# hallo from Vienna



## Paolo Miana (Jun 24, 2017)

Hi all, my name is Paolo.

I am an aviation historian, I live in Vienna where I work in a WWI aircraft restoration company (www.craftlab.at). I am also a member of the association "Gli Archivi Ritrovati" devoted to recover, study and publish material from the several aviation related archives present in Italy. for furhtewr info about our project please visit orw website www.gliarchiviritrovati.it

ciao

Paolo

Reactions: Winner Winner:
1 | Like List reactions


----------



## Shortround6 (Jun 24, 2017)

Paolo Miana said:


> Hi all, my name is Paolo.
> 
> I am an aviation historian, I live in Vienna where I work in a WWI aircraft restoration company (www.craftlab.at).

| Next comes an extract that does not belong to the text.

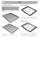 3.3 Użytkowanie akcesoriów Ruszt do blachy Ruszty i blachy Ruszt do blachy należy włożyć do niej. W ten sposób będzie można oddzielnie zebrać tłuszcz z pieczonego produktu. Ruszty i blachy powinny być wkładane w boczne prowadnice, aż do punktu zatrzymania. • Mechaniczne blokady bezpieczeństwa, które zapobiegają przypadkowemu wyjęciu rusztu powinny być odwrócone do dołu, w kierunku tylnej części piekarnika.

I am also a member of the association "Gli Archivi Ritrovati" devoted to recover, study and publish material from the several aviation related archives present in Italy. for furhtewr info about our project please visit orw website www.gliarchiviritrovati.it
> 
> ...


 welcome to the Forum


----------



## Wurger (Jun 24, 2017)

Welcome to the forum.


----------



## fubar57 (Jun 24, 2017)

Welcome Paolo


----------



## Airframes (Jun 24, 2017)

Welcome from England.


----------



## Lucky13 (Jun 24, 2017)

Welcome to the family!


----------



## Capt. Vick (Jun 25, 2017)

Welcome aboard amigo!


----------



## Gnomey (Jun 25, 2017)

Welcome.


----------



## Crimea_River (Jun 25, 2017)

Nice to have you here.


----------



## Deadeye18 (Jun 27, 2017)

Welcome Paolo


----------



## vikingBerserker (Jun 28, 2017)

Very cool, welcome aboard!


----------